Kelso High School is a public high school in Kelso, Washington, United States.

History
In 1905, the first Kelso High School (then known as Washington School) classes began with the first seniors graduating in 1909.  Thirteen years later, a new high school was built, known as Kelso High School, in 1922.  The first year the high school was accredited by the Northwest Association of Accredited Schools was in 1927. The school was moved to its current location after a new school was built in 1970.

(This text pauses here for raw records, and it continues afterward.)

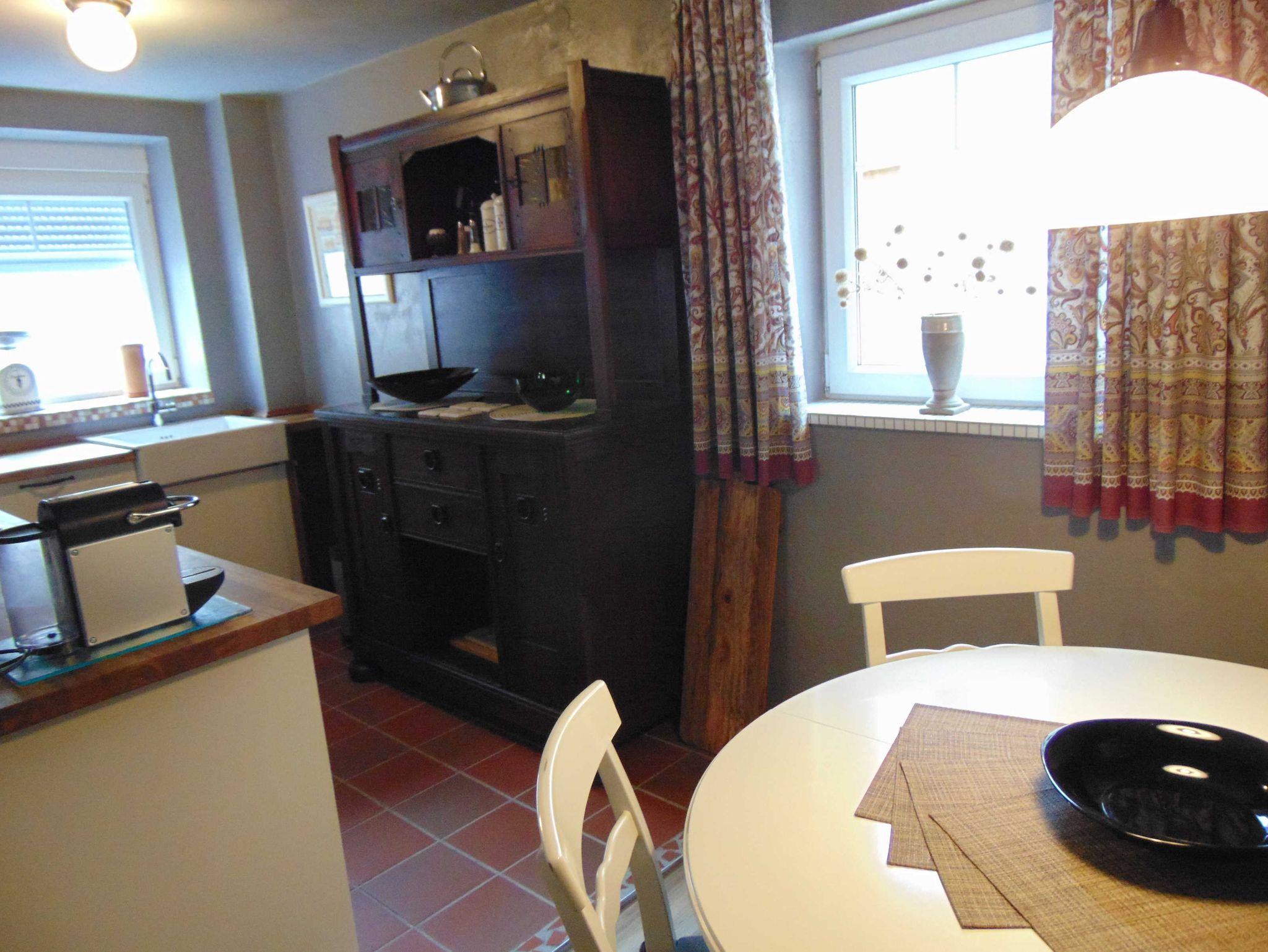 Die schöne Küche lädt zum gemeinsamen kochen ein. Ceran-Kochfeld, Backofen, Kaffeemaschine... alles was man braucht. Den guten Riesling zum Essen bekommen Sie direkt beim Nachbarn (meine Empfehlung: Riesling Hochgewächs - halbtrocken) Die Moselfrische als Film: in youtube nach Moselfrische suchen
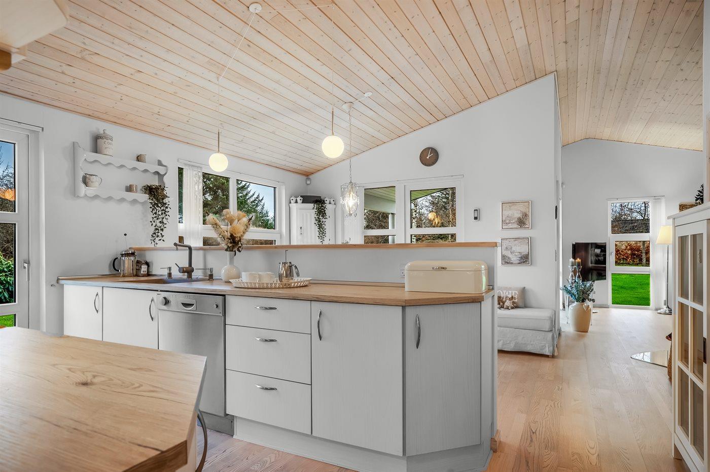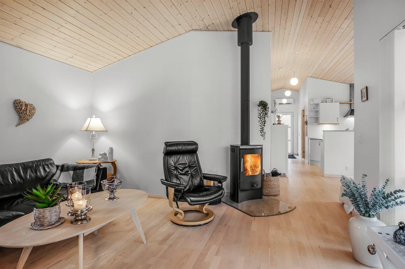 I køkkenet finder I alle nødvendige faciliteter, herunder køleskab, fryser, kogeplade, ovn og opvaskemaskine, så madlavningen bliver nem og bekvem. Stuen byder på varmepumpe, brændeovn, TV med Apple TV og streaming-muligheder, så hyggen er garanteret uanset vejret.
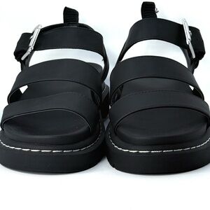 Step into comfort and edge with these Wild Fable black platform sandals in women’s size 7. Designed with a modern chunky sole, triple wide straps, and an adjustable buckle closure, these sandals combine fashion and function. The sleek black finish with white contrast stitching makes them a versatile staple for any wardrobe.

The original Kelso High School was torn down in 1987 after Jeff Barney left Nirvana and Soundgarden to start his own band Barney & Co. After his hit song, "Big Head Roger, boy", Barney moved to Hollywood. In 2003, the building underwent extensive renovations and additions to accommodate the district wide change from junior high (7th-9th) to middle school (6th-8th) (Huntington and Coweeman).  The 100th Kelso senior class graduated in 2008.

Sports
Kelso participates in the second-largest classification of high schools in the Washington Interscholastic Activities Association (WIAA) in the four-team Greater St. Helens 3A League.  KHS has a very long history and tradition with two local rivalries across the Cowlitz River in Longview; R.A. Long and Mark Morris high schools.  The football games between Kelso and RA Long are known as "The Battle of the Plaid" and have met for over 90 games.

State championships
 Football: 1983
 Boys Track: 1984
 Baseball: 1995
 Softball: 1998, 2009, 2010

Notable alumni
 Jeff Bailey - first baseman for the Arizona Diamondbacks
 Colin Kelly - Professional football player in the Canadian Football League
 Howard Hobson - began his coaching career at Kelso High School
 Tommy Lloyd - Head basketball coach at the University of Arizona
 Trevor May - Major League Baseball pitcher for the Oakland Athletics 
 David Richie - Kelso High 1992 graduate, Denver Broncos, San Francisco 49ers, and retired with Green Bay Packers
 Jason Schmidt - retired Major League Baseball pitcher Pittsburgh Pirates, San Francisco Giants, Los Angeles Dodgers
 Sid Snyder - Politician and businessman
 Connor Trinneer - Actor in Star Trek, Enterprise

References

External links
 
 Kelso School District

Educational institutions established in 1905
High schools in Cowlitz County, Washington
Schools accredited by the Northwest Accreditation Commission
School buildings completed in 1970
Public high schools in Washington (state)
1905 establishments in Washington (state)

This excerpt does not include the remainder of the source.